Arbitrage Free Wiggles

Peter Jaeckel, in a recent paper (pdf), shows that something that sounds like a reasonable arbitrage free interpolation can produce wiggles in the implied volatility slice.

The interpolation in question is using some convexity preserving spline on call and put option prices directly and in strike, assuming those input prices are arbitrage free. This is very similar to Kahale interpolation (pdf).

It seemed too crazy for me so I had to try out his example. And using a harmonic spline, it does produce arbitrage free wiggles.
Wiggles in the implied volatility
If we look at the probability density (the curvature), the Harmonic spline maintains a positive density, nearly piecewise flat in log scale, while Hyman, because it preserves only monotonicity, has some negative density which are cut out from the graph.
Probability Density
In reality, if we look at the interpolation of prices in log scale, one can see that splines won't behave as expected at first on small numbers: they will give a much higher weight to the high values, producing something like a piecewise linear interpolation.

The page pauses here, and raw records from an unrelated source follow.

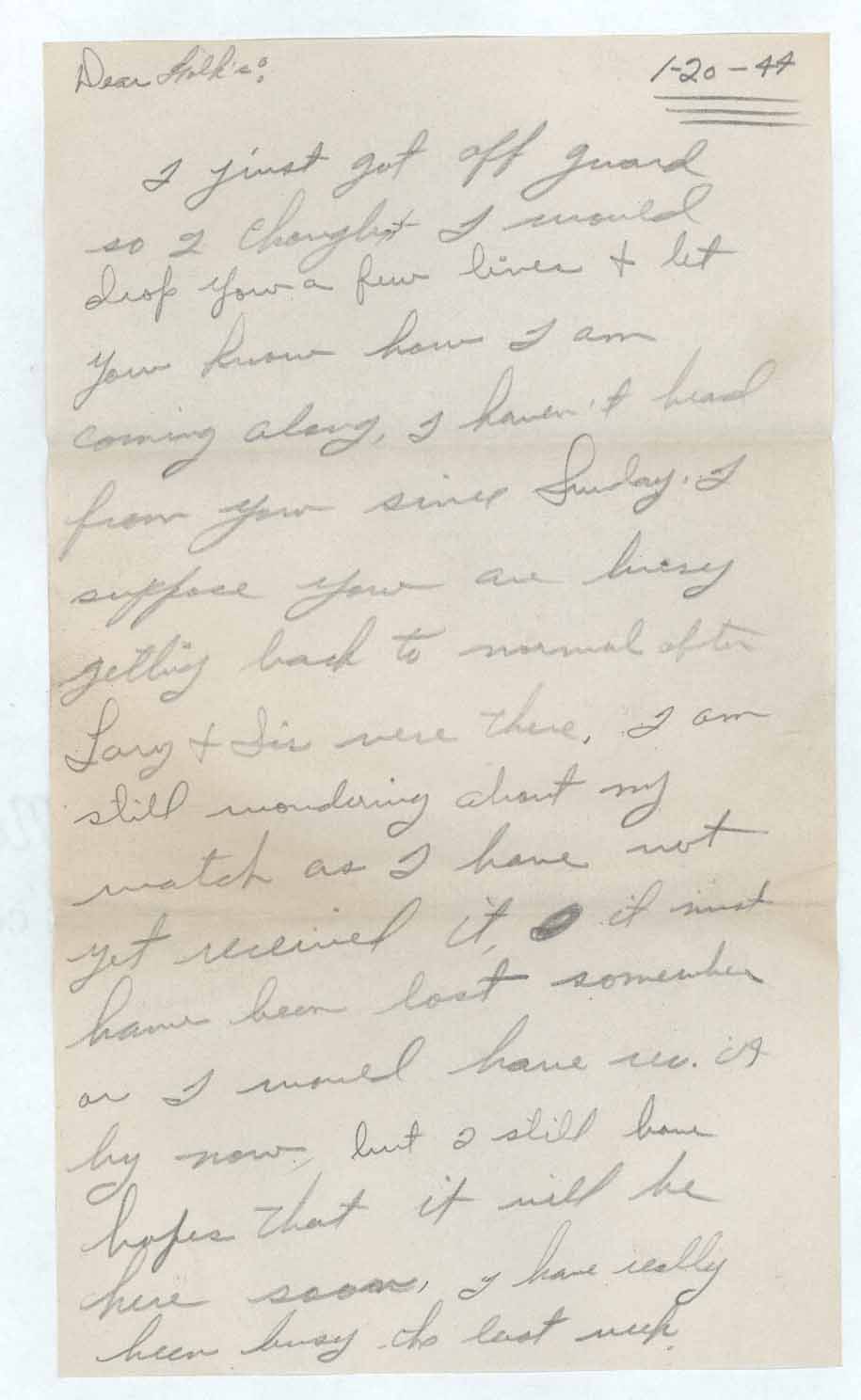 I just got off guard so I thought I would drop you a few lines & let you know how I am coming along, I haven’t heard from you since Sunday, I suppose you are busy getting back to normal after Lary [sic] & Sis were there, I am still wondering about my watch as I have not yet received it, [scratch out] it must have been lost somewhere or I would have rec. it by now, but I still have hopes that it will be here soon, I have really been busy this last week,
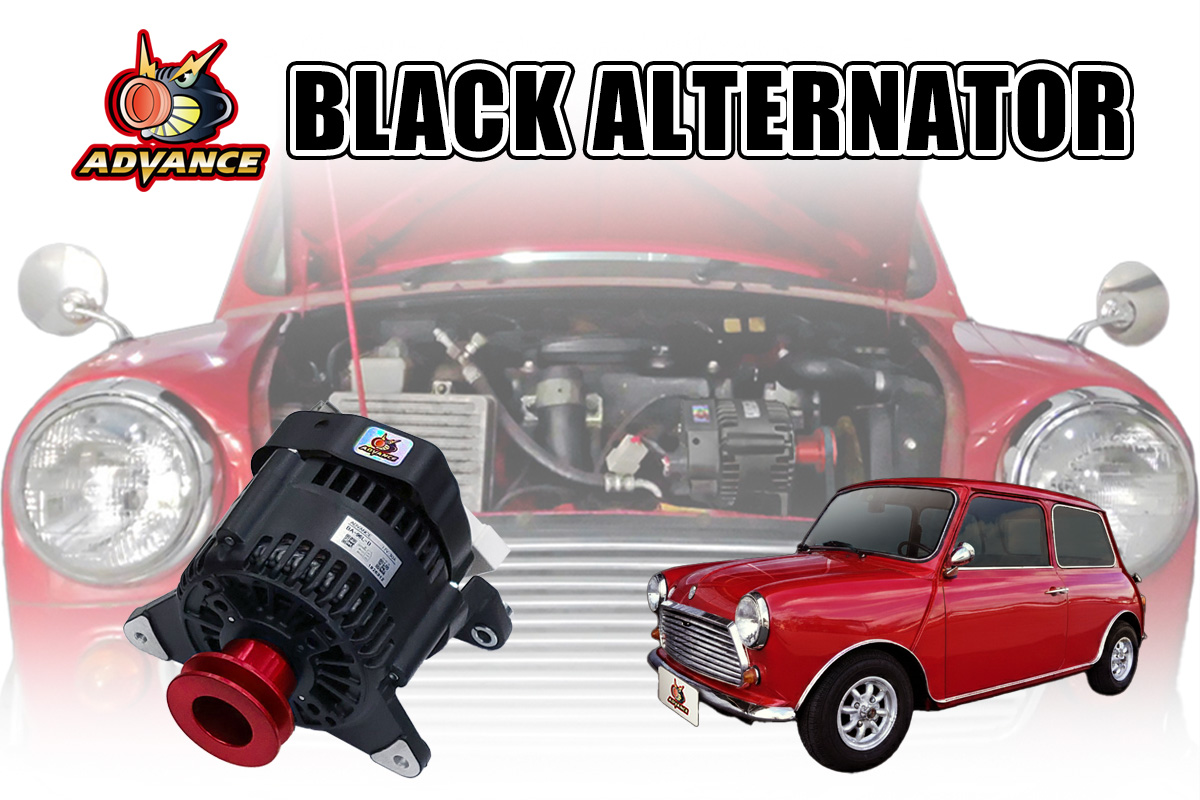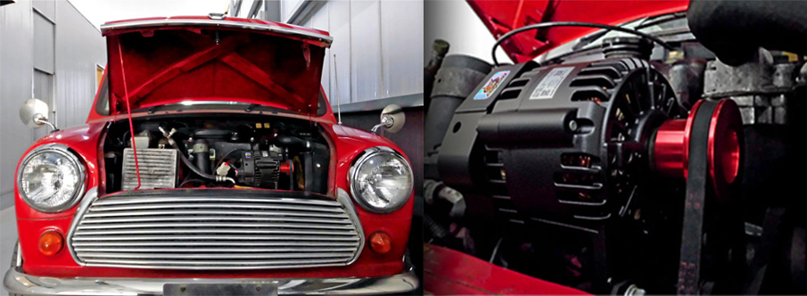 ミニはエンジンルームの目立つ位置にオルタネーターが付いているので、ドレスアップ効果もあります。
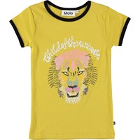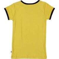 Rhiannon är en t-shirt i gul med svarta kantband och tryck fram.
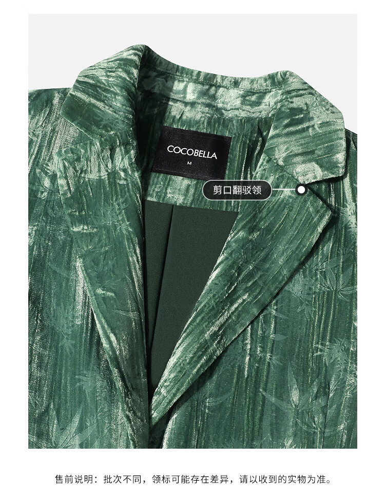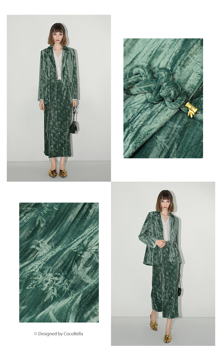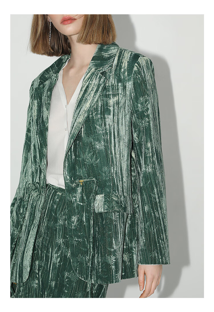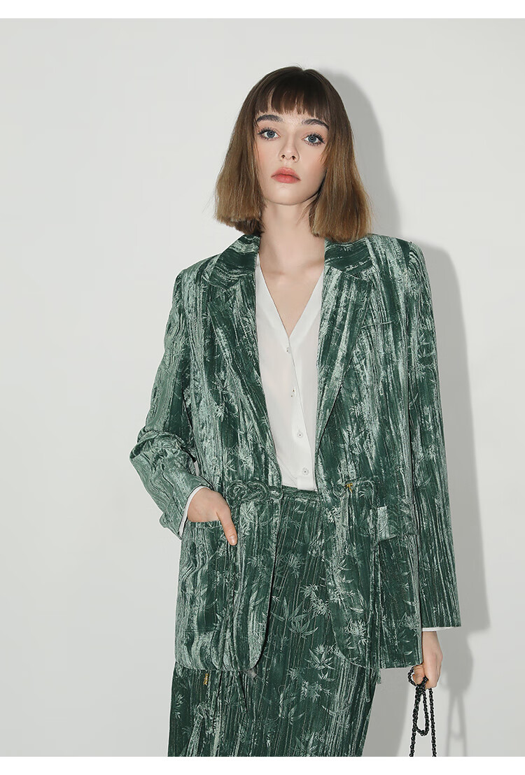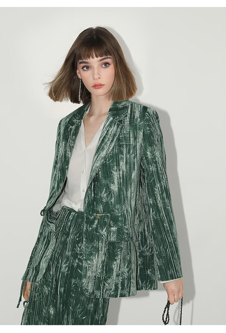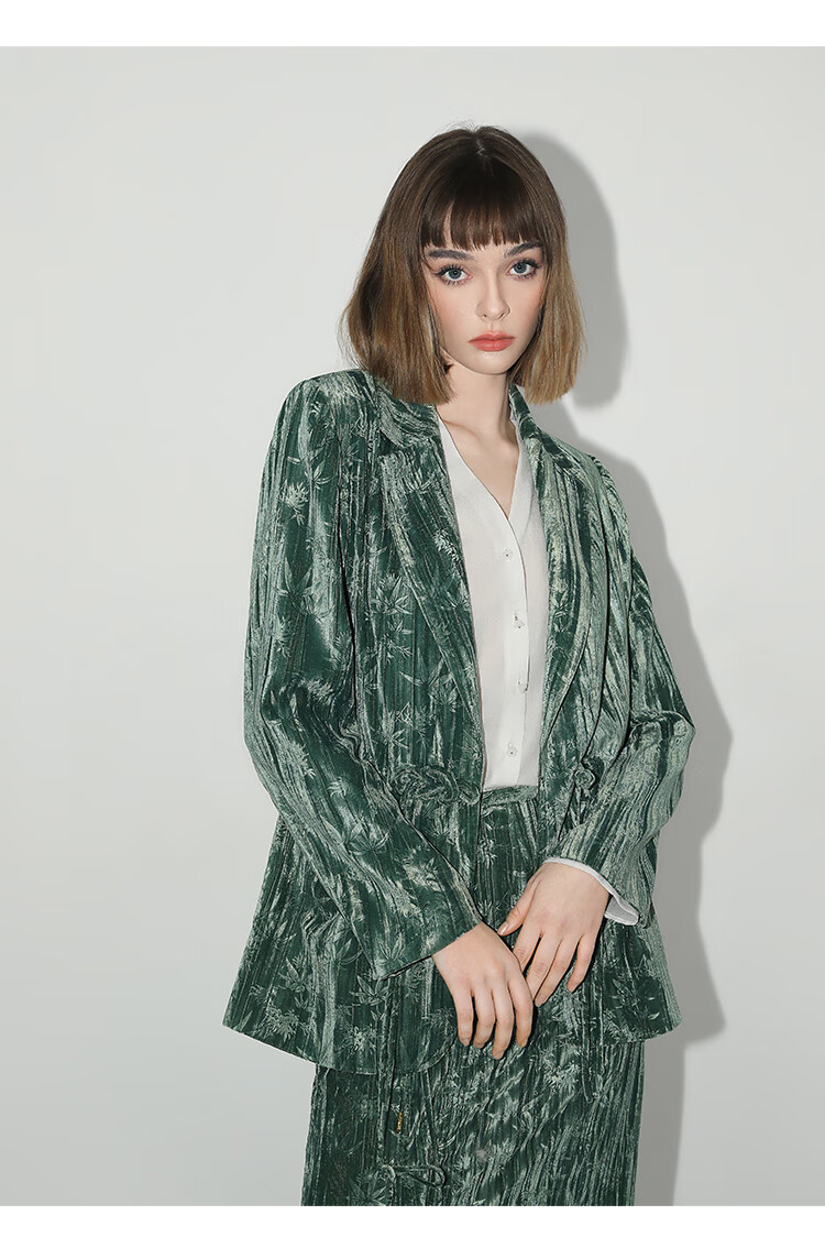【有赞】COCOBELLA新中式竹叶拓印压褶丝绒西装女国风盘扣外套SI3007

In reality, what one really wants for such data is to just interpolate the log prices with a spline, not the prices. This is the curve named "Log" in the graphs, where a simple cubic spline is used on the log prices, and fed to exp after interpolation.

Now it sounds like a reasonable arbitrage free interpolation would be to interpolate the discrete density log linearly, in a similar spirit as Hagan-West yield curve interpolation (pdf).

In general, if you interpolate very small numbers with a spline, you probably are doing something wrong.